Castelhano also questioned CAISO’s presumption that the new capacity products would reduce some of the “guesswork” behind calculating the costs of RA contracts because income for RA resources would be based on actual short-run costs rather than on a longer-term estimation of those costs.
“My speculation is that it would go very much in the opposite direction because right now part of the RA contract depends on one variable stream of income from sales into the ISO market, and you’re going to create another possibly more variable stream of income,” he said.
Hobbs countered that the proposal’s provision allowing RA resources to buy out their must-offer obligation or bid costs in the ISO market would reduce the cost risks of having a fixed MOO negotiated far in advance of potential deliveries.
“I guess that needs some more analysis, but I don’t agree with what you’re saying there,” Hobbs said.

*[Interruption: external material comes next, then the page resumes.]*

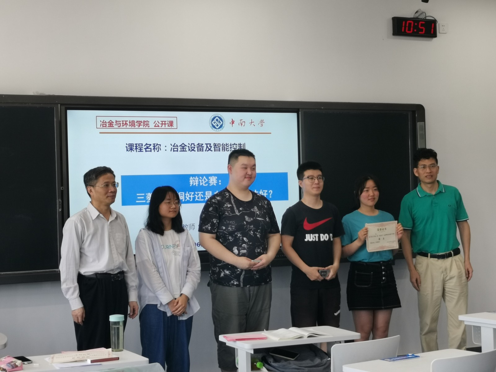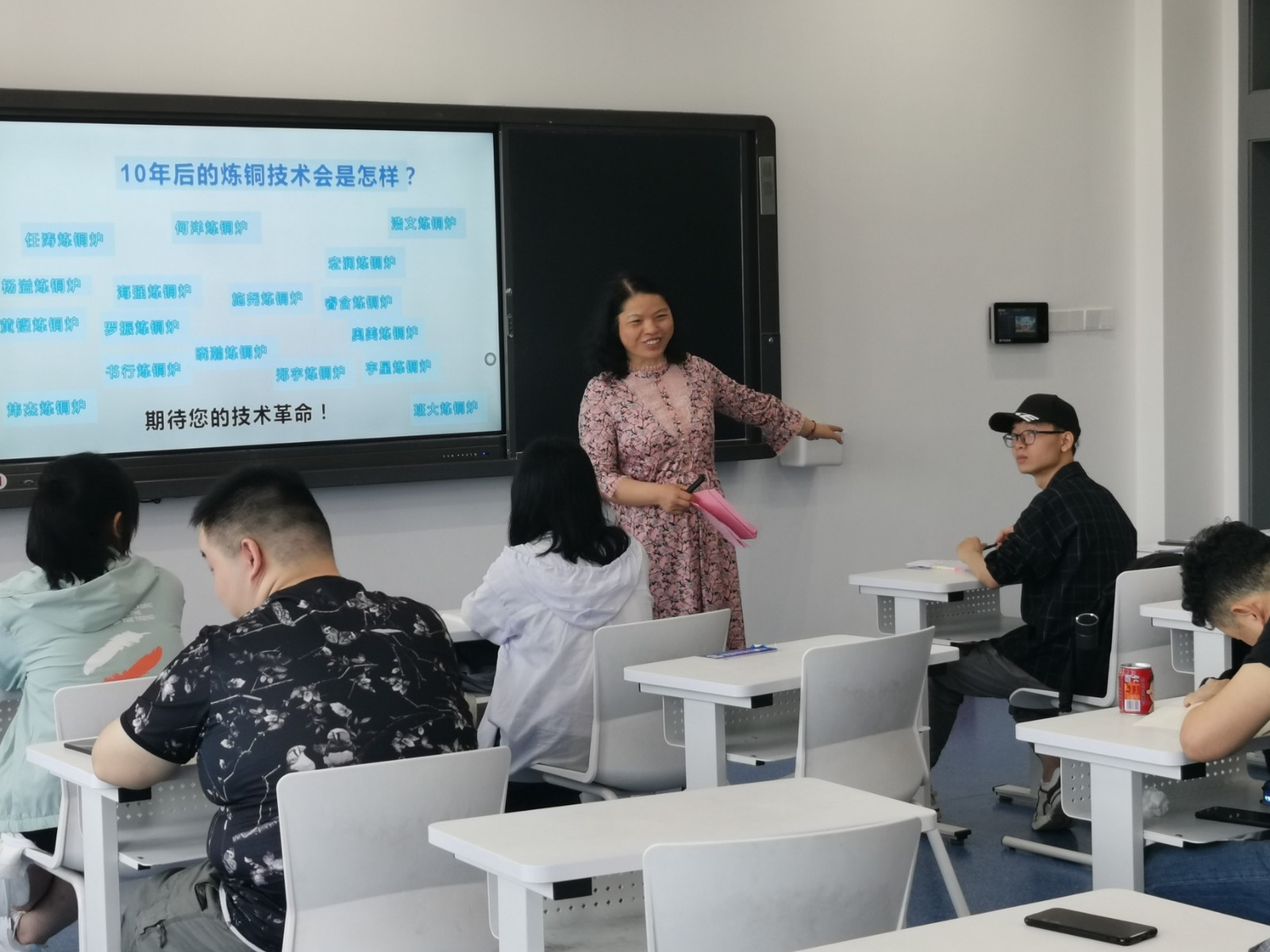 陈教授本次课堂主要是《火法冶金设备》中熔池熔炼部分内容的总结复习。课前,冶金1804班同学们做了较好的准备,课堂开始,学生分成两组以“三菱法炼铜好还是白银法炼铜好?”为主题进行20分钟的辩论赛,分别先从工艺、设备、控制、能耗和环保等角度进行开篇立论、辩论、自由辩论和总结陈词四个环节开展了激烈辩论,同学们都非常积极的参与其中。随后陈教授在归纳前面辩论的课程内容基础上,对两种火法炼铜工艺方法所采用的设备和技术进行对比分析,并向学生提出了“10年后的炼铜的技术和设备会是怎样?”的课后思考题。本次课堂以润物无声的形式融入了科学思考、团结协作、价值引领等思政内容,激发学生专业责任和时代担当,同学们纷纷表示虽然课前准备花了很多时间,但是学到了很多,受益匪浅。

Castelhano concluded with “a really big concern” that CAISO is considering limiting the participation of energy storage resources in the imbalance reserve markets. He noted that the CPUC’s integrated resource planning process is assuming that storage resources will play a key role providing flexibility needed to integrate variable renewables.
“If [storage] resources are not able to participate in this imbalance reserve market, then I’m very concerned about that,” Castelhano said. “If we’re paying hourly dispatchable resources instead of the stuff that can move really fast, then that’s another concern.”